Saidur Rahman, Ph.D.

Chemistry and Computer Science Building (CCSB.), Room: 3.1022

msrahman3@utep.edu

915-747-5882

Assistant Professor

Department: Computer Science

Dr. Mohammad Saidur Rahman is an Assistant Professor in the Department of Computer Science at the University of Texas at El Paso (UTEP). His research focuses on the intersection of machine learning, cybersecurity, and quantum security, with a primary focus on developing ML-driven intelligent systems for malware and network traffic analysis.

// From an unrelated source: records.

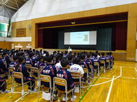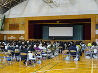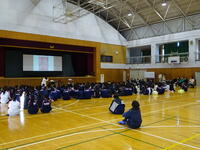 1月24日に、今年の4月に本校に入学する児童とその保護者を対象とする入学説明会を実施しました。予定では146人の生徒が入学します。前半は、生徒会本部の生徒が児童を連れて校内を案内し、授業の様子も見学しました。その間、保護者には体育館に残ってもらい、教員からの説明がありました。後半は児童と保護者が同席し、生徒会本部の生徒によるスライドを使った学校紹介を行いました。新入生の入学を楽しみにしています。
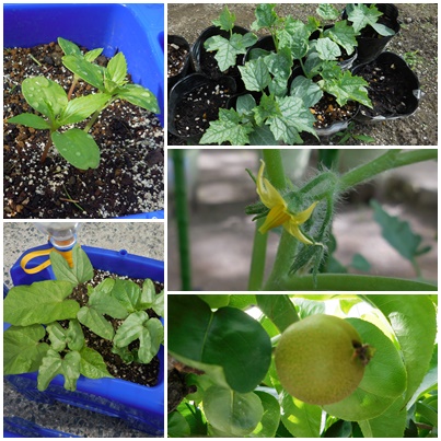 アサガオ、ホウセンカ、ヘチマは大きな本葉を広げ、トマトは早くも花を咲かせています。
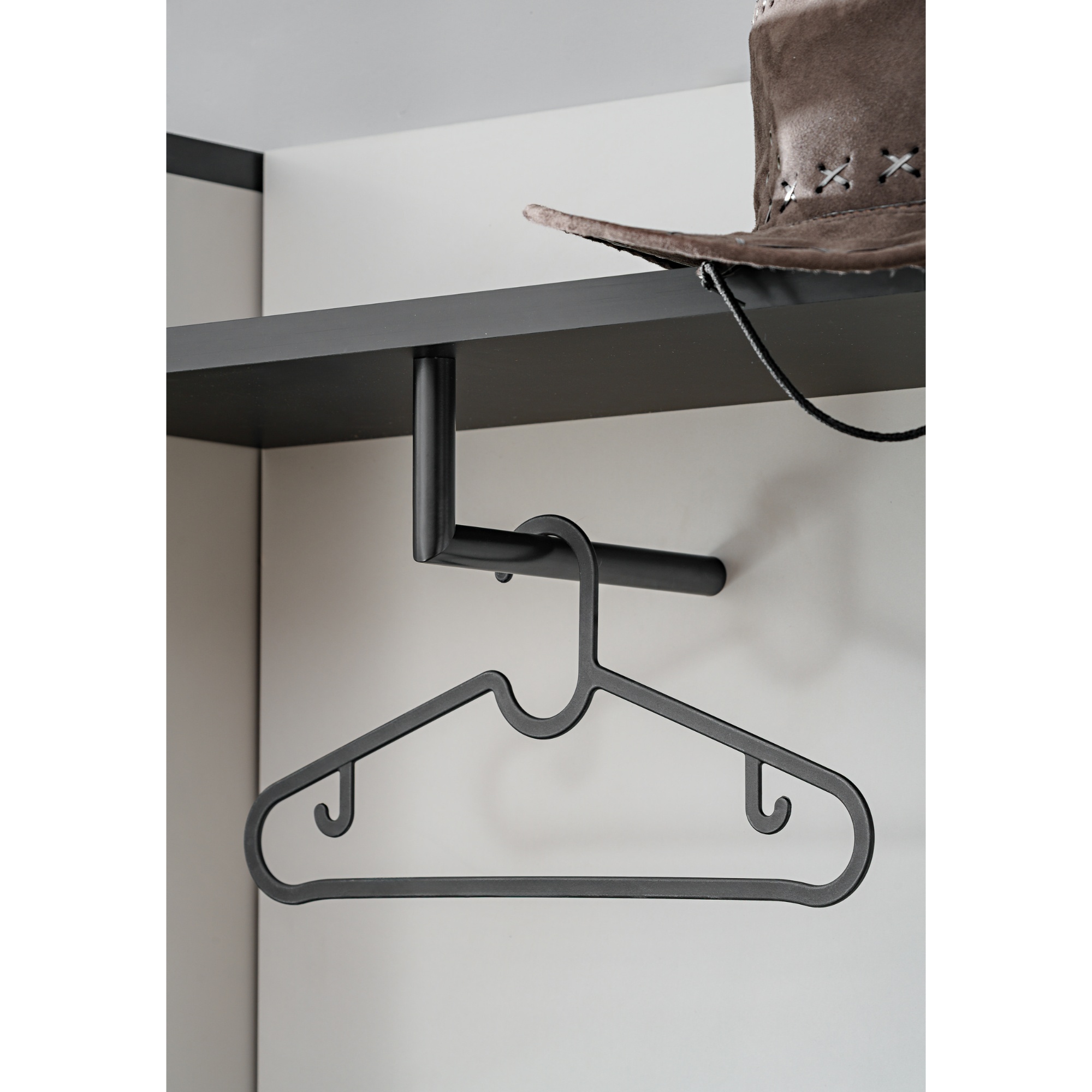 - 1 polica, 1 šatníková tyč, 2 háčiky
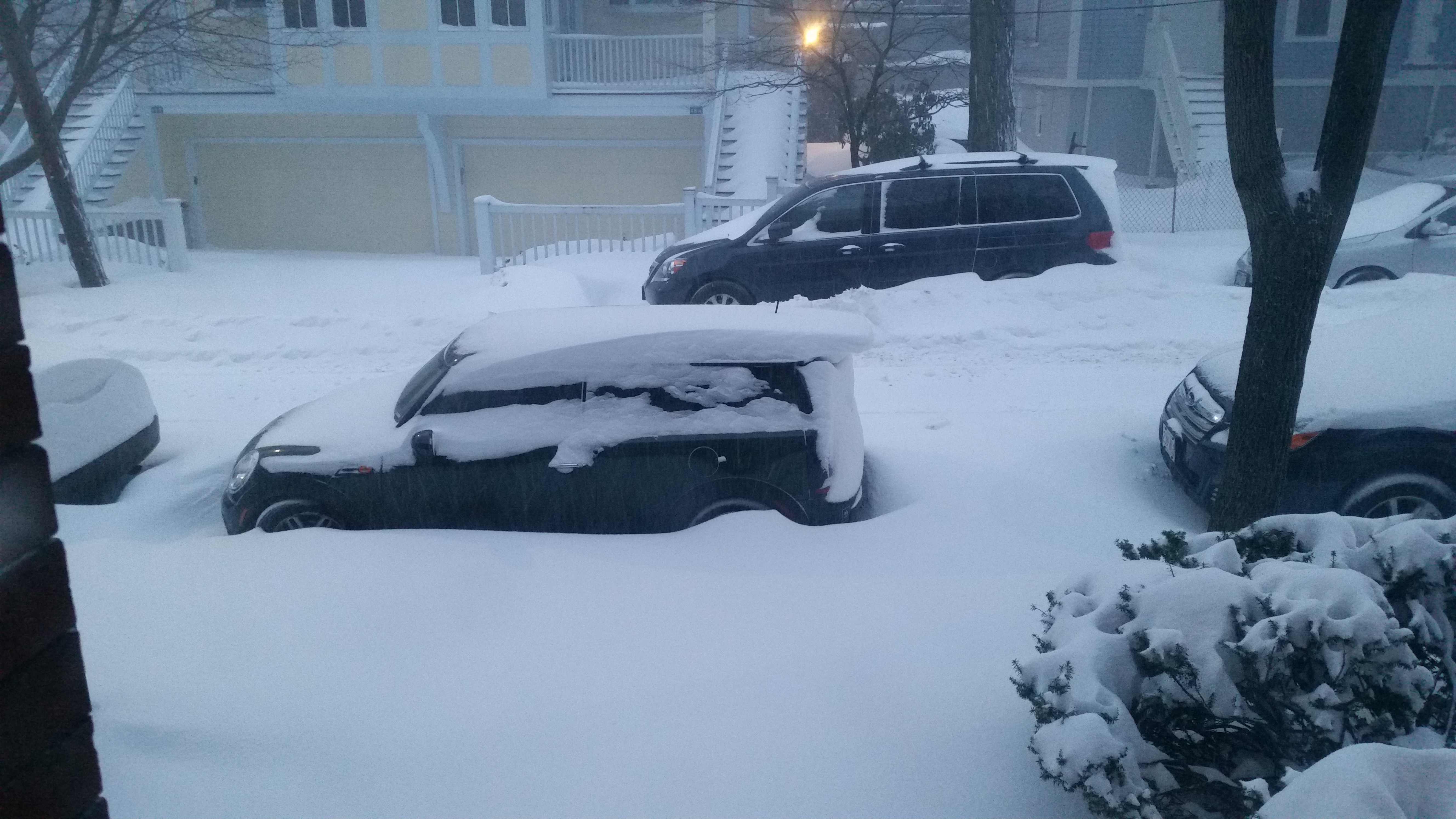I woke up a couple of hours ago and checked outside.  Dave Epstein had predicted that many of us would have a foot of snow or more by this point, and I am pretty sure his predictions have been born out in many places across Massachusetts.    I cam’t tell how much snow we have gotten so far but it looks like we have gotten enough to almost reach the top of the Mini’s tires.

Among others, his work explores continual learning frameworks for improved malware detection and classification. His contributions also extend to large-scale malware datasets and binary analysis pipelines, where he combines machine learning with reverse engineering and program analysis to automate feature extraction from binaries and improve resilience against adversarial manipulation. In network security domain, Dr. Rahman examines how machine learning can both reveal and mitigate vulnerabilities in encrypted traffic, improving privacy and resilience. By designing attack and defense models, his work advances the understanding of information leakage and privacy risks in encrypted environments.

Furthermore, Dr. Rahman has led investigations into post-quantum cryptography (PQC) migration strategies for IoT devices, evaluating NIST candidate algorithms such as Kyber, BIKE, and HQC. His work also explores quantum key distribution (QKD) for satellite and anonymous communication networks like Tor, addressing real-world integration and security challenges.

Dr. Rahman's research contributions have been recognized in premier venues in security and privacy, including IEEE S&P, ACM CCS, PoPETS, and IEEE TIFS, as well as in leading machine learning conferences such as AAAI and CoLLAs, and in quantum communications venues, including IEEE QCNC and IEEE QCE. He has been recognized as a rising star in AI and ML for security by the IEEE TCCN SIG on Artificial Intelligence and Machine Learning in Security.

Other Affiliations: Computational Science Program, RIMES

Keywords of Expertise: Machine Learning, Endpoint Security, Network Security, Privacy, Quantum Security.